The Dolls, A Media Ballet for Fashion Runway
by Claudia Hart
May, 2015
The Walk at The School of the Art Institute, Millenium Park, Chicago

Choreography: Kristina Isabelle
Music composition: Kurt Hentschlager
Projection Design: Liviu Pasare

Performed by:
The Kristina Isabelle Dance Company
Sarah Gonsiorowski
Katie Graves
Kristina Isabelle
Angela Luem
April Torneby

The Dolls is a media ballet by Claudia Hart created specially for the runway of the Fashion Walk 2015. It is inspired by the philosophical idea of the “eternal return.” This is the notion that history endlessly renews itself through a process of decadence, decay and rebirth. To embody this, Hart has molded mathematical cycles into visual form, creating rhythmic, animated patterns that have been projected onto dancers wearing paper, hand-drawn tutus that function not only as wearable art but also as movie screens for her animations. Hart’s animations take the form of these pulsing patterns because they are physically mesmerizing and intentionally hypnotic as a result of their algorithmic qualities.

The music for The Dolls was also specially composed for The Dolls by the media artist and digital composer Kurt Hentschlaeger. To create the score, Hentschlaeger expanded on another piece initially commissioned by Hart in 2010 from Ella Joyce Buckley for Empire, her first mixed-reality performance work, drawing on many of the same themes. Choreography for The Dolls was also composed by another Chicago-based artist, Kristina Isabelle, and performed by the Kristina Isabelle Dance Company.

Channeling the 1999 sci-fi action film, The Matrix, Hart used the mathematical computer grid as the central symbol for our technological era. To further this, she also designed an architectural set that is also virtual, consisting of digital simulations of dollcs houses projected on monumental 25 foot screens. For her set, Hart imagined an abstract computer warehouse filled with old dollhouses culled from the junk heap of some future history. Hart selected her doll houses from the virtual models available as shareware for all users of Internet, populating Google Earth and stored in its repository - the Google 3D Warehouse. Hart scoured Google’s warehouse for architectural monuments from a decadent history, past empires from all over the world. These include The Arch of Labna (a Mesoamerican archaeological site and ceremonial center of the pre-Columbian Maya civilization), the Roman Forum-of-Ceasar, Marie-Antoinette’s Le Petit Trianon (the small chateau on the grounds of Louis XIV’s Versaille, where she dressed as a milkmaid with her ladies-in-waiting), a Queen Anne House from Victorian England; the Dragomir Mansion from Bucharest; and the Paulwall House - still standing in our own ruined Detroit.

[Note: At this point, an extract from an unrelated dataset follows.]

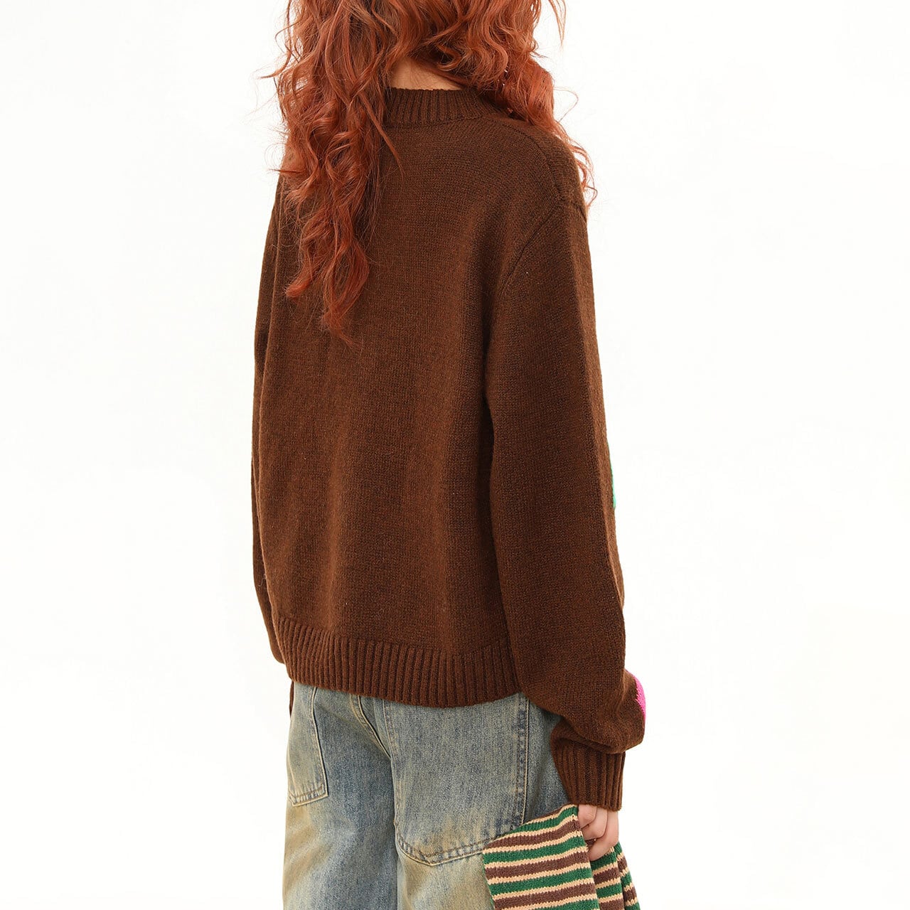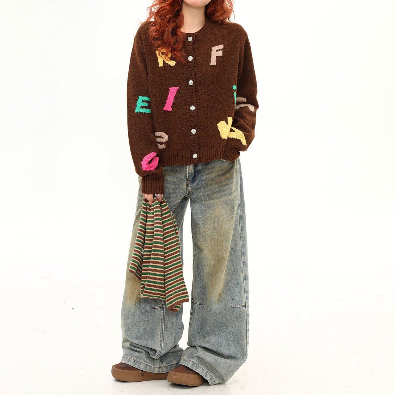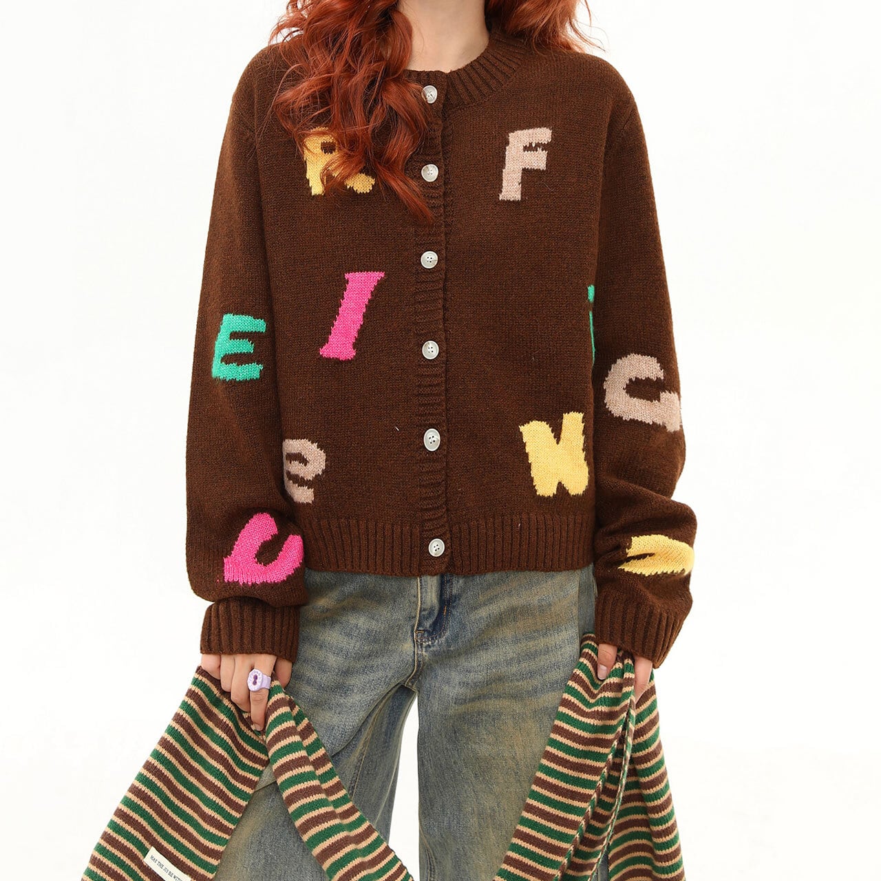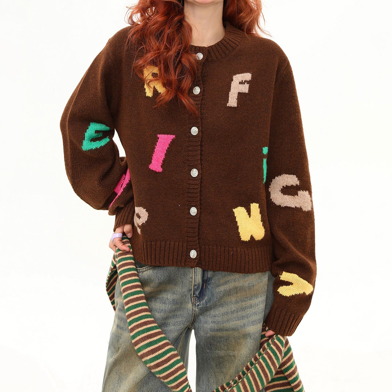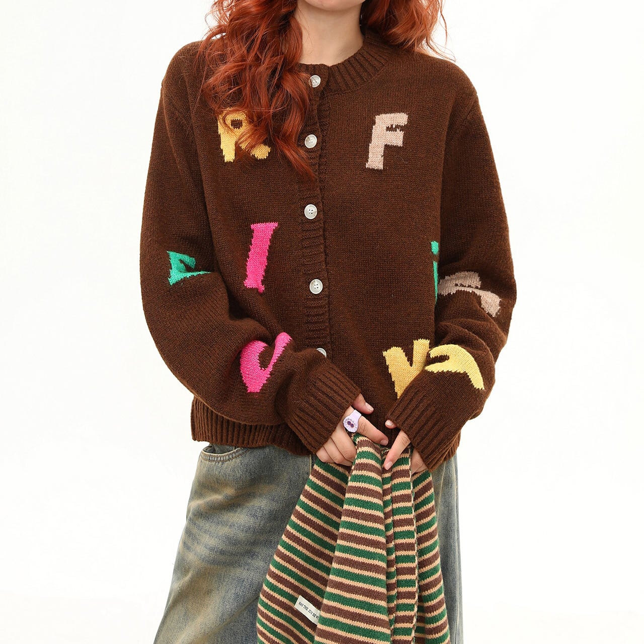 ポップなアルファベットが散りばめられた、遊び心満点のニットカーディガン。
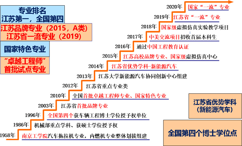 英国上市公司官网365是全国最早设立车辆工程专业的三所高校之一,根据中国管理科学研究院《2015中国大学评价》我校位于第55名,车辆工程专业是江苏省首批品牌专业(2003年)和重点专业类中的专业(2012年),2010年获批国家级特色专业、教育部首批“卓越工程师培养计划”试点专业,2013年获批“英国上市公司官网365—南京汽车集团有限公司工程实践教育中心”。 在2014年省“十二五”重点专业建设情况中期检查中,本专业为核心专业的英国上市公司官网365“机械类”专业获评“优秀”等级,这是全省23个重点建设机械(类)专业中获评“优秀”等级的2个之一。2018年获批国家虚拟仿真项目。2020获批国家一流本科专业建设点。专业核心课程《汽车构造》获评国家一流课程。英国上市公司官网365是中国汽车工程学会副理事长单位,中国机械工程教育协会车辆工程专业教学指导委员会的副主任委员单位、江苏省汽车工程学会副理事长单位、江苏省卓越工程师联盟发起单位,全国汽车轻量化产业联盟成员单位。

Like her doll houses, Hart’s paper billboard tutus are also drawn from the scion of a fallen empire: the gowns of Margaret Theresa of Spain, among the last of the Spanish Habsburgs. This child princess was also the central figure in the famous painting Las Meninas, a canonical masterpiece by the great 17th-century court painter, Diego Velázquez, and the subject of many of his paintings. The Velázquez princess dresses were modeled by computer and repainted by hand on watercolor paper. Hart then designed animated patterns that pulse to Hentschlaeger’s atmospheric rhythms and then further computer-mapped them back onto Kristina Isabelle’s dancers, all of whom have been strapped into cardboard projection-screen Princess dresses. The resulting experience is strange and also hallucinatory, transforming each dancer into a surrealistic, mechanical paper-doll.

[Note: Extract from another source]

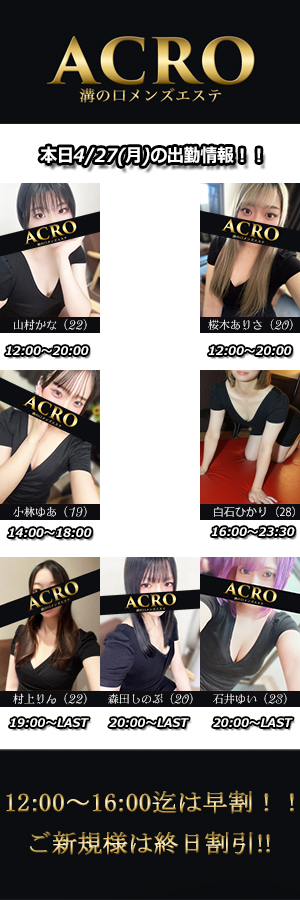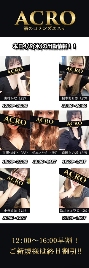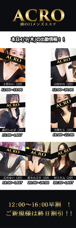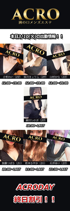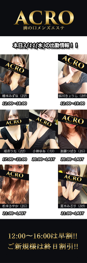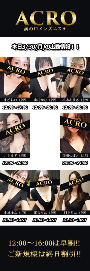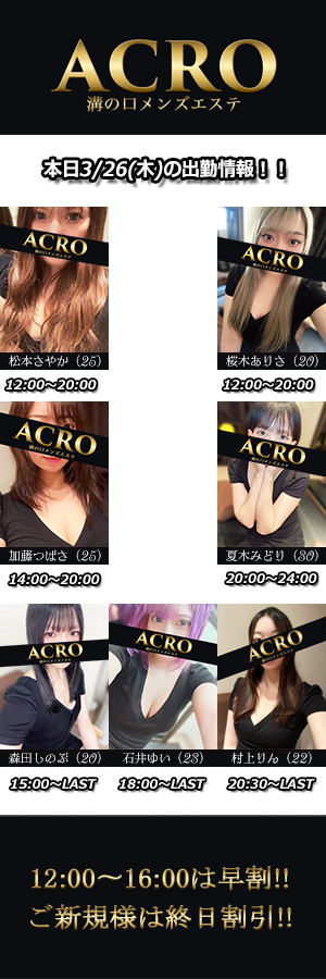 携帯電話:090-2541-5225パソコン・スマホ共通:https://acro-spa.com/お客様のご来店を心よりお待ちしております。 -

The algorithmic flickering patterns used in The Dolls were made from specially designed graphics based on the symbols of further collapsed empires - from the Faberge eggs of The House of Romanov to the banners and heraldry of Gengis Kahn and the Mongol Empire. Distributed among these are also the current logos and graphical icons of our own multinationals corporations. The end result of all of these flickering signs is in some ways like a stroll through Times Square or a glitzy night in Vegas. But it is also paradoxically and strangely quite trance inducing and meditative. This is because The Dolls is truly heartfelt. The work is intended by its author to induce contemplation on the passage of time and the death of kings, and meant to be a vehicle for some kind of enlightenment.